Δευτέρα 1 Νοεμβρίου 2010

Plans to Transform Montenegrin Fort Come Under Fire


29 Oct 2010 / 15:11
Investors plan to transform the untouched Cape Arza at the entrance of Boka Kotorska Bay in Montenegro into a concrete tourism resort, provoking an outcry from the civil society sector.

Nela Lazarevic
Unless the government's urbanism study due in December includes restrictions, RCG Invest, a joint venture between Budva-based Tradeunique's owner Marko Latinovic and his Russian investment partners, will transform the 19th century Austro-Hungarian fortress Arza, currently surrounded only by sea and vegetation, into the focal point of a 45,000 square metre concrete tourist residence block.
While the investors have enthusiastically announced that the project will shine a new light on Montenegro's entire tourism offer, local architects and members of the civil society sector are shocked by the amount of concrete they pour into what is now the unspoiled natural habitat of the fortress.

Experts claim that the vegetation surrounding the fortress is an integral part of the structure, and that therefore there should be no construction in its immediate proximity.

"If this project is to be approved, Arza will be completely "eaten up" by concrete, and the wider area around it will lose its current natural, cultural and historical value," architect and cultural heritage coordinator at the Kotor-based NGO Expeditio, Sandra Kapetanovic, told Balkan Insight.

RCG Invest bought the Arza fortress and 10 hectares (100,000 square metres) of surrounding land in 2005 from the Fund for the Reform of the Serbia and Montenegro Military, which sold it as military surplus.

At the moment of purchase, no urbanization plan had ever been made for Arza, so the study due in December will show for the first time if the investors' plans match the government's position.

Montenegro's Urbanisation and Environmental Protection Ministry ignored dozens of calls and emails Balkan Insight sent over the past month asking about their position regarding the investors' plans.

Tradeunique, one of the investment partners, told Balkan Insight that the government is too restrictive and hasn't moved fast enough to approve the project.

"It is not easy to find partners to invest large sums of money with these kind of barriers," Tradeunique director Goran Bojanic complained.

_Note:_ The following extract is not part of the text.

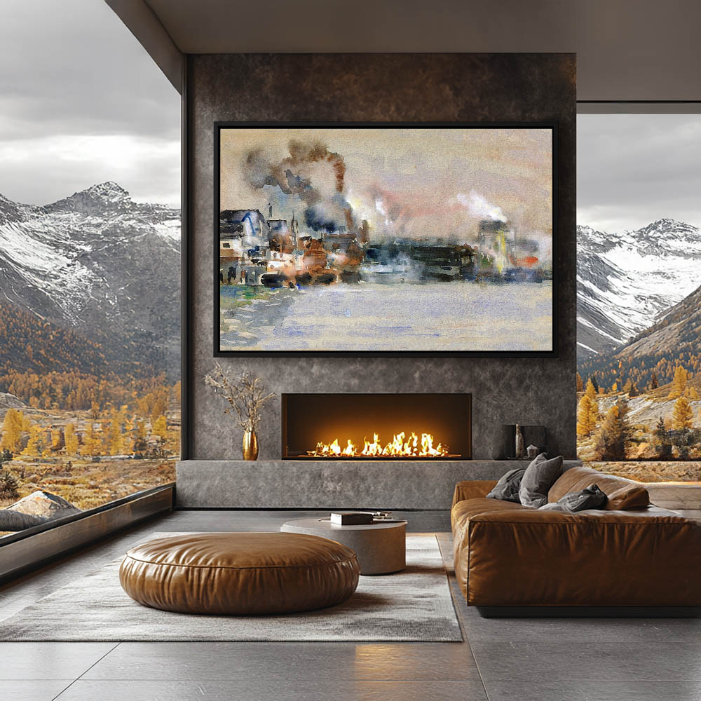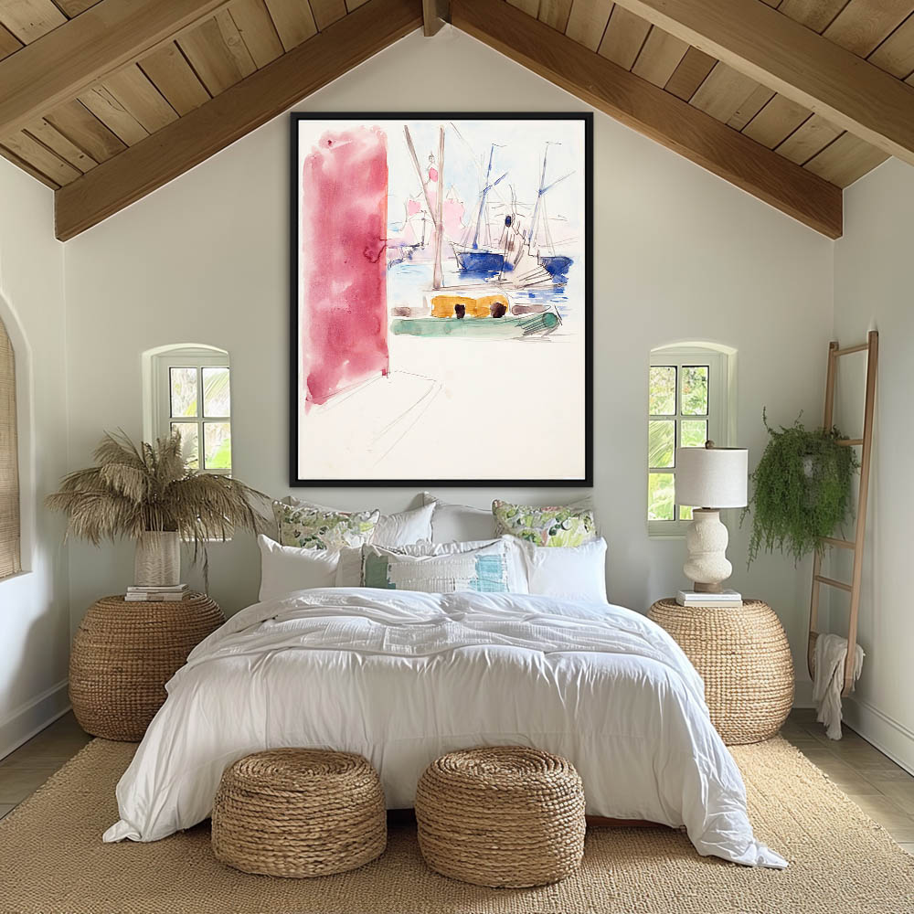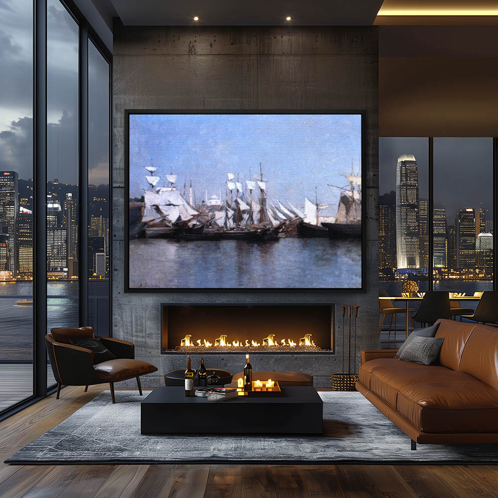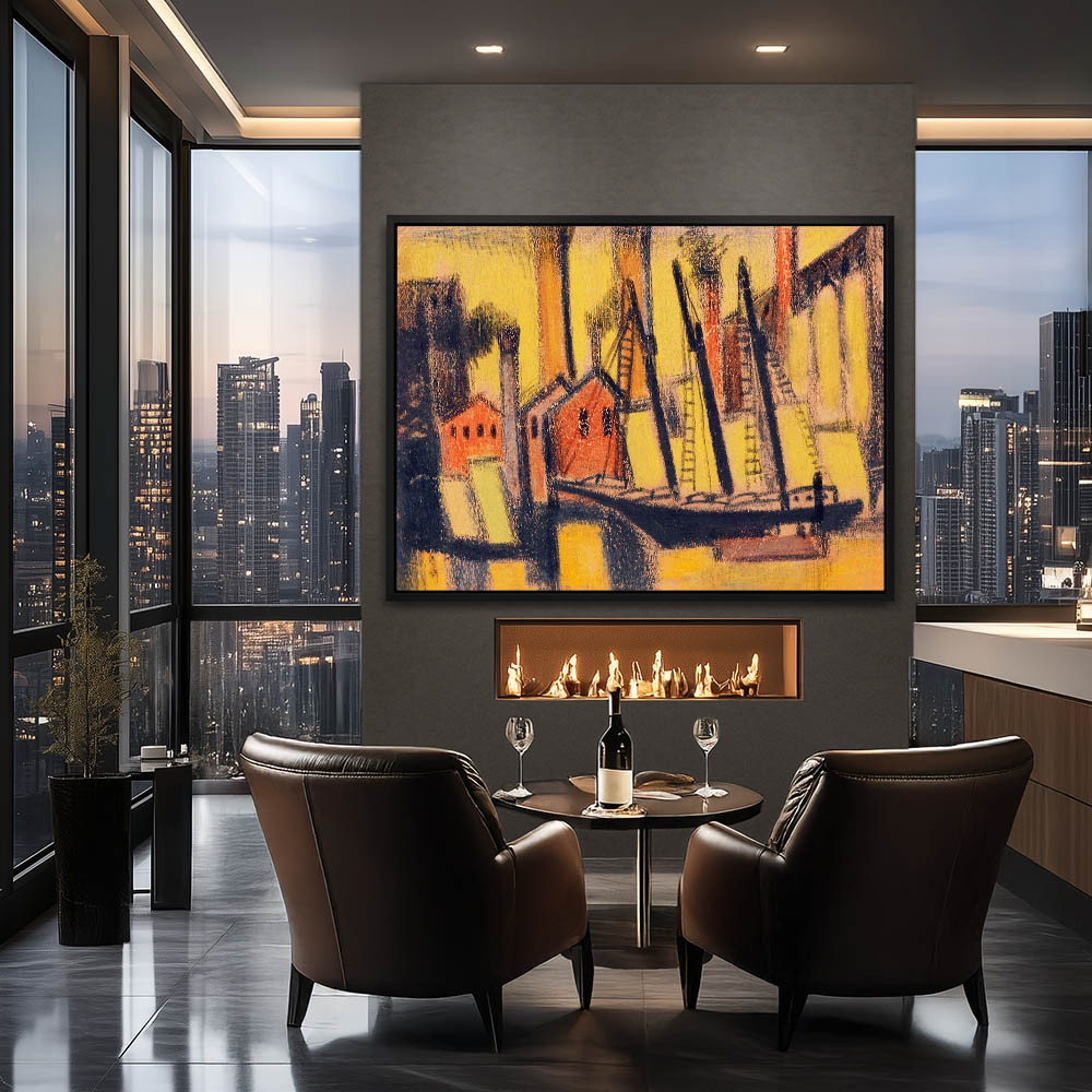 Vintage Harbor Sea Scape Painting with Sailboats at Sea

If the government approves the plan, RCG Invest intends to start construction by the end of 2011, while the project should be finished by 2015 at the latest. Bojanic told Balkan Insight that it would cost at least 150 million euros.

Like many Montenegrin fortresses, Arza is not on the country's official list of protected monuments, which is why it was possible to sell the structure in the first place.

Montenegro's Agency for the Protection of Monuments officially safeguards only a small part of the country's historic buildings, while all the rest have been listed as "potential monuments" for years.

Local and international experts seem to agree that all the fortresses from Boka Kotorska area should be officially protected as important cultural heritage.

"I would like to see all the Austro-Hungarian fortresses in Boka Kotorska immediately protected by the authorities," Valker Pachauer, a lecturer at the University of Graz and a specialist who specialises in Montenegrin fortifications, told Balkan Insight, explaining that they are extremely valuable parts of the cultural heritage of both Montenegro and Austria.

Ruzica Ivanovic of the Regional Agency for the Protection of Monuments in Kotor said that monuments that are not on the official list still enjoy some safeguards. The Agency has expressed its concerns regarding the volume andheight of the planned buildings at Arza.

"The construction should be downsized to a level that will not rival the fortifications," Ivanovic wrote to the government several months ago.

Asked about the extent to which the government considers the advice of the regional agency, Ivanovic responded that the fact that the location study has undergone several changes and is still not finished "speaks for itself".